Dan the bike man said:


> As many of you saw I bought this frame, fork, crank of a HIGH QUALITY reproduction of the famous John Alexander Rocket Bike from Brant @New Mexico Brant last week. I also bought these wheels/tires, and pedals from Brant actually. I'm hoping to make this a bull blown rider - the first owner to ride it as I understand. It's my winter project and hopefully there will be this awesome rocket flying around SE Michigan in the Spring! Here's just the very beginning of the project.
> View attachment 720707 View attachment 720708 View attachment 720709





Dan the bike man said:


> Thanks! I feel VERY fortunate to have this AWESOME bike! And the others too! I know a lot of people are in need of cash for the holidays and other bike buys so I'm scooping up the unusual ones! You can always earn more money but these awesome bikes don't always pop up! I'm still looking for more unusual bikes !



Wild looking ride i must say!
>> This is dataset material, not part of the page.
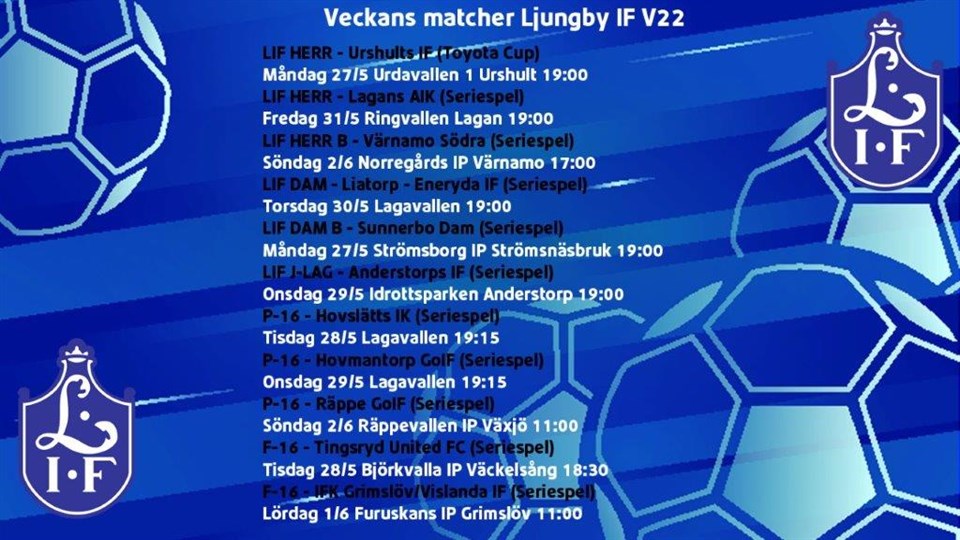 VECKOSCHEMA FÖR VÅRA REPRESENTATIONS- OCH JUNIORLAG Vecka 22 27/5 – 2/6 Herrar Måndag: Cupmatch mot Urshults IF, Urdavallen 1 Urshult 19:00 Tisdag: Träning 17:30-19:00 Onsdag: Träning 18:00-19:30 Fredag: Seriematch mot Lagans AIK, Ringvallen Lagan 19:00 Damer Måndag: Träning 17:30-19:00 Måndag: Seriematch Dam B Sunnerbo Dam Strömsborg IP Strömsnäsbruk 19:00 Tisdag: Träning 19:00-20:30 Torsdag: Seriematch mot Liatorp-Eneryda IF, Lagavallen 19:00 Juniorlag/B-lag Måndag: Träning 17:00-18:30 Tisdag: Träning 18:45-20:15 Onsdag: Match mot Anderstorps IF, Idrottsparken Anderstorp 19:00 Fredag: Träning 17:00-18:30 P15/16 Måndag: Träning 18:30-20:00 Tisdag: Seriematch mot Hovslätts IK, Lagavallen 19:15 Onsdag: Seriematch mot Hovmantorp GoIF, Lagavallen 19:15 Torsdag: Träning 19:00-20:30 Söndag: Seriematch mot Räppe GoIF borta, Räppevallen Växjö 11:00 F15 Måndag: Träning 17:15-18:45 Tisdag: Seriematch mot Tingsryd United FC borta, Björkvalla IP Väckelsång 18:30 Torsdag: Träning 18:45-20:15 Lördag: Seriematch mot IFK Grimslöv/Vislanda IF borta, Furuskans IP Grimslöv 11:00

Can't wait for the finish.


----------



## vincev (Dec 13, 2017)

WOW! I am jealous !!


----------



## Dan the bike man (Dec 15, 2017)

Another mock-up as I gather parts and build


----------



## tripple3 (Dec 15, 2017)

that bike is Uber Cool
I think it needs some "Special" bars.
Maybe repros? @sm2501 https://thecabe.com/forum/threads/shelby-big-handlebars-new-chrome-available.117664/#post-813884
Also very cool that no 2 are alike....


----------



## Sped Man (Dec 15, 2017)

Cool idea!


----------



## Shawn Michael (Dec 15, 2017)

Sped Man said:


> Cool idea!



I think Dan needs to ride it with a matching helmet like Speed Man's avitar.


----------



## Jay81 (Dec 17, 2017)

Shawn Michael said:


> I think Dan needs to ride it with a matching helmet like Speed Man's avitar.




Lots of affordable options on ebay @Dan the bike man 


http://rover.ebay.com/rover/1/711-5...0001&campid=5335809022&icep_item=263332204043






http://rover.ebay.com/rover/1/711-5...0001&campid=5335809022&icep_item=112646032794





http://rover.ebay.com/rover/1/711-5...0001&campid=5335809022&icep_item=202140657465






http://rover.ebay.com/rover/1/711-5...0001&campid=5335809022&icep_item=302111460086


----------



## Dan the bike man (Dec 18, 2017)

Jay81 said:


> Lots of affordable options on ebay @Dan the bike man
> 
> 
> https://www.ebay.com/itm/FULL-SIZE-...204043?hash=item3d4fd28e0b:g:n5IAAOSwU4FZ6QWM
> ...




I'll get 7 one for each day of the week!!


----------



## Dan the bike man (Dec 24, 2017)

Still some little things to do but I was finally able to ride it this morning! I REALLY like this bike!!!


----------



## Junkman Bob (Jan 8, 2018)

Did you guys see the women's and men's frame on eBay....They want I believe 5 grand ....The women's frame is crazy cool  too
Looks great


----------



## Freqman1 (Jan 8, 2018)

Junkman Bob said:


> Did you guys see the women's and men's frame on eBay....They want I believe 5 grand ....The women's frame is crazy cool  too
> Looks great



Mark Mattei (a member here) is the seller. Not everyone's cup of tea but definitely a unique ride!  V/r Shawn


----------